▶ **Required action**
Return the lines that run from the beginning of the entries to the line holding "érmés, bélyeges boríté...", inclusive, and drop the pictures.

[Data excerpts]

= = = = =

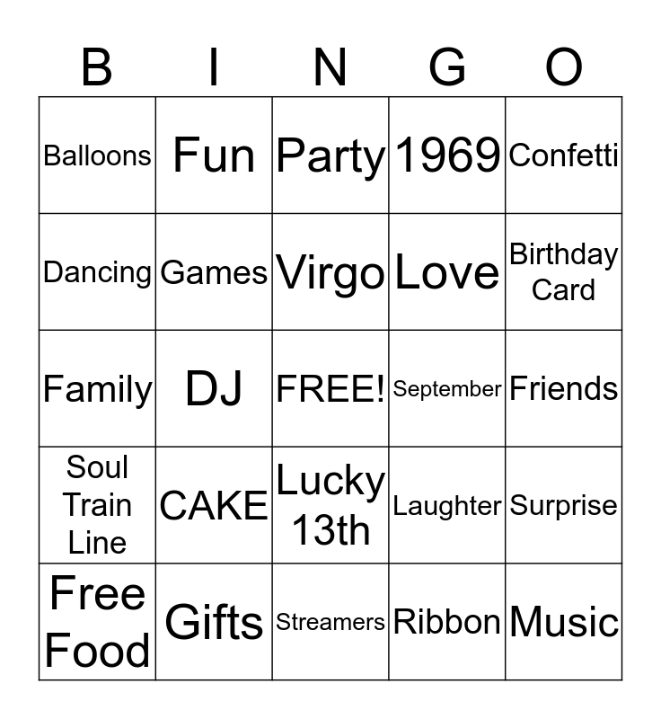 This bingo card has a free space and 24 words: CAKE, Gifts, Virgo, Free Food, Confetti, Balloons, Dancing, Fun, September, Lucky 13th, Love, Family, Laughter, Surprise, Games, Ribbon, Friends, Party, Birthday Card, DJ, Music, Soul Train Line, 1969 and Streamers.
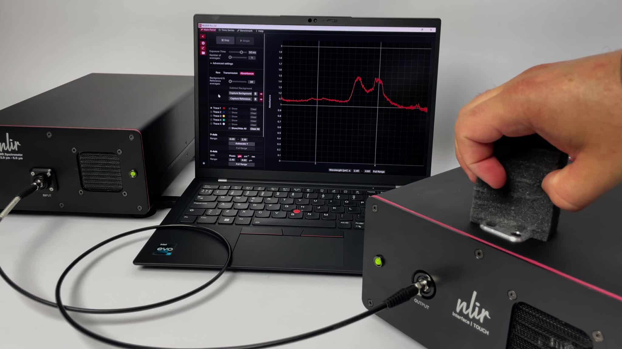 This sample is usually too thick for transmission and must be measured in reflection. Reflection measurements are often very sensitive to the surface roughness and the amount of reflected light can vary significantly. However, the reflected light holds a lot of information. You can achieve outstanding data acquisition results with NLIR TOUCH Interface regardless of the surface properties.
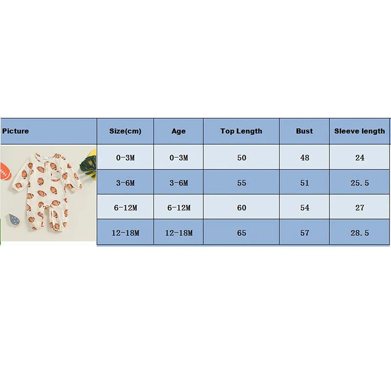Baby Boy Girl Bodysuit Football Print Long Sleeve Button Pocket Round Neck Fall Romper
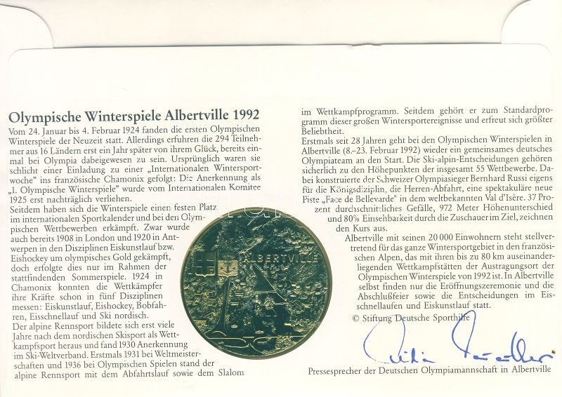 NSZK 1992. "Olimpia-Albertville" ffém emlékérem érmés, bélyeges boríté...
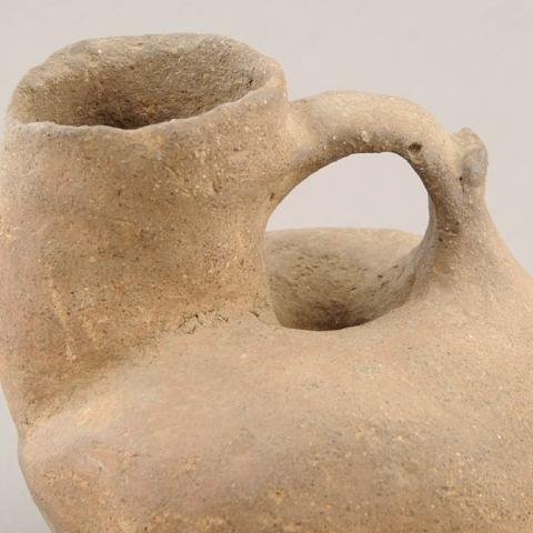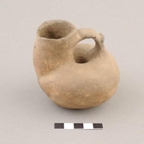 Objeto de uso ceremonial. Contenedor de cuerpo globular con orificio central. En la parte superior del cuerpo, cuello cilíndrico de borde irregular y boca restringida. Base plana restringida. Lleva un asa cinta entre el cuello y el cuerpo. Superficie alisada sin decoración.
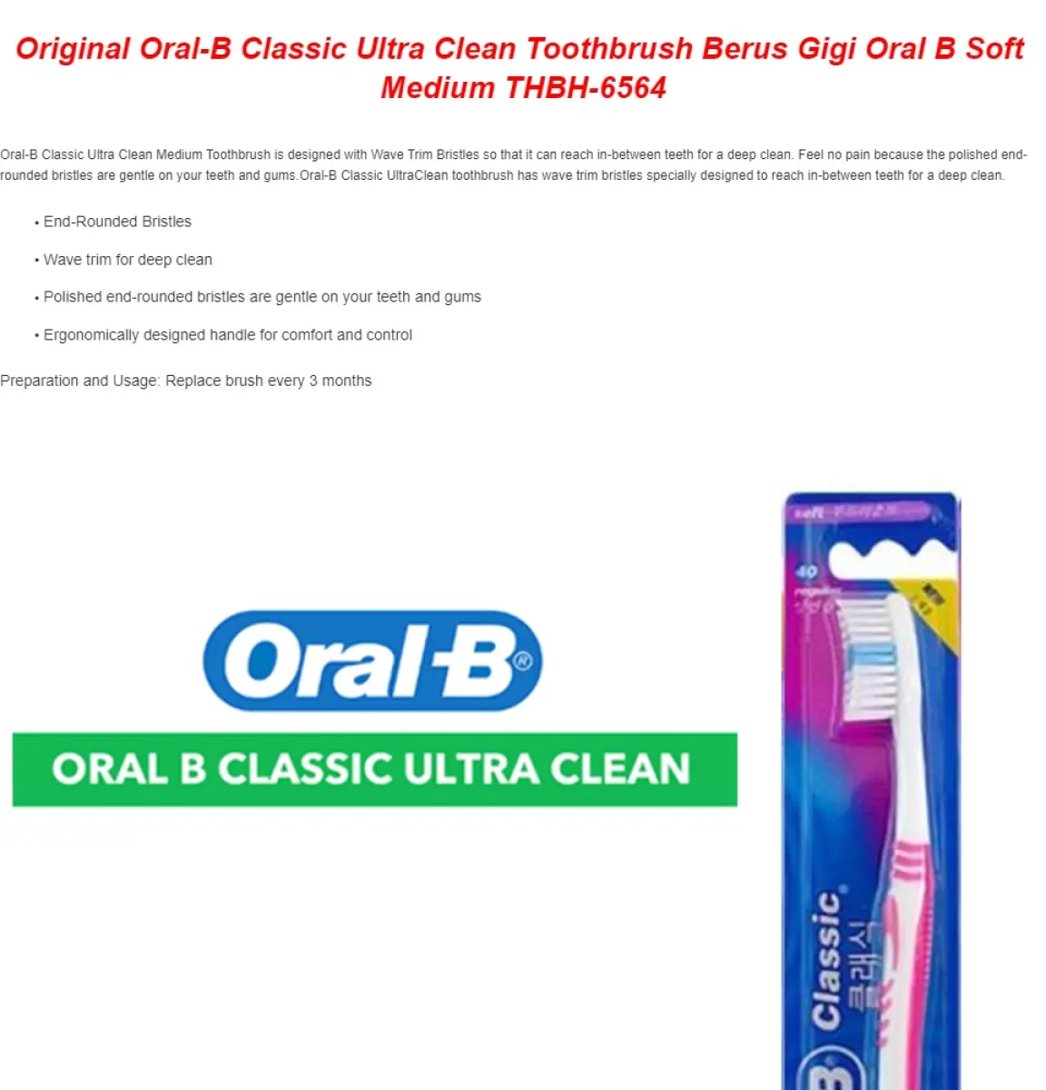Original Oral B Classic Ultra Clean Toothbrush Berus Gigi Oral B Soft Medium Thbh 6564 Lazada

= = = = =

▶ **Reply**
 This bingo card has a free space and 24 words: CAKE, Gifts, Virgo, Free Food, Confetti, Balloons, Dancing, Fun, September, Lucky 13th, Love, Family, Laughter, Surprise, Games, Ribbon, Friends, Party, Birthday Card, DJ, Music, Soul Train Line, 1969 and Streamers.
 This sample is usually too thick for transmission and must be measured in reflection. Reflection measurements are often very sensitive to the surface roughness and the amount of reflected light can vary significantly. However, the reflected light holds a lot of information. You can achieve outstanding data acquisition results with NLIR TOUCH Interface regardless of the surface properties.
Baby Boy Girl Bodysuit Football Print Long Sleeve Button Pocket Round Neck Fall Romper
 NSZK 1992. "Olimpia-Albertville" ffém emlékérem érmés, bélyeges boríté...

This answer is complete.